Spring Security versions 5.1.x prior to 5.1.2 contain an authorization bypass vulnerability during JWT issuer validation. In order to be impacted, the same private key for an honest issuer and a malicious user must be used when signing JWTs. In that case, a malicious user could fashion signed JWTs with the malicious issuer URL that may be granted for the honest issuer.
Affected Spring Products and Versions
Spring Framework 5.1 to 5.1.1
Mitigation
Users of affected versions should apply the following mitigation:
5.1.x users should upgrade to 5.1.2
There are no other mitigation steps necessary.
Credit
This issue was identified and responsibly reported by Björn Bilger.

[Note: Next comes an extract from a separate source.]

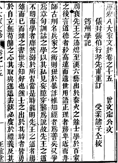 唐宋八大家是中国古代选本文化的产物,选本作为文学批评的一种独特方式,体现了编选者的文学思想。上图是明代茅坤编写《唐宋八大家文钞》书影,茅坤不仅对每篇文章都有评点,而且对八大家的文章分别有一个总评,这一体例也为清朝张伯行采用。下图是张伯行编写《唐宋八大家文钞》书影,这一页展示的是曾巩的文章,张伯行对曾巩尤其推崇,这是与茅坤版本不同之处。

Spring Framework, version 5.1, versions 5.0.x prior to 5.0.10, versions 4.3.x prior to 4.3.20, and older unsupported versions on the 4.2.x branch provide support for range requests when serving static resources through the ResourceHttpRequestHandler, or starting in 5.0 when an annotated controller returns an org.springframework.core.io.Resource. A malicious user (or attacker) can add a range header with a high number of ranges, or with wide ranges that overlap, or both, for a denial of service attack.
This vulnerability affects applications that depend on either spring-webmvc or spring-webflux. Such applications must also have a registration for serving static resources (e.g. JS, CSS, images, and others), or have an annotated controller that returns an org.springframework.core.io.Resource.
Spring Boot applications that depend on spring-boot-starter-web or spring-boot-starter-webflux are ready to serve static resources out of the box and are therefore vulnerable.
Affected Spring Products and Versions
Spring Framework 5.1
Spring Framework 5.0.0 to 5.0.9
Spring Framework 4.3 to 4.3.19
Older unsupported versions going back to 4.2 are also affected
Mitigation
Users of affected versions should apply the following mitigation:
5.1 users should upgrade to 5.1.1
5.0.x users should upgrade to 5.0.10
4.3.x users should upgrade to 4.3.20
4.2.x users should upgrade to a supported branch.
No further mitigation steps are necessary.
Note the following when evaluating the impact:
Support for Range requests was introduced in version 4.2. Therefore versions prior to 4.2 are not affected by this issue.
Support for returning an org.springfamework.core.io.Resource from an annotated controller was introduced in 5.0. Therefore versions prior to 5.0 can only be impacted through a registration to serve static resources.
Credit
This issue was identified and responsibly reported by Nicholas Starke from Aruba Threat Labs.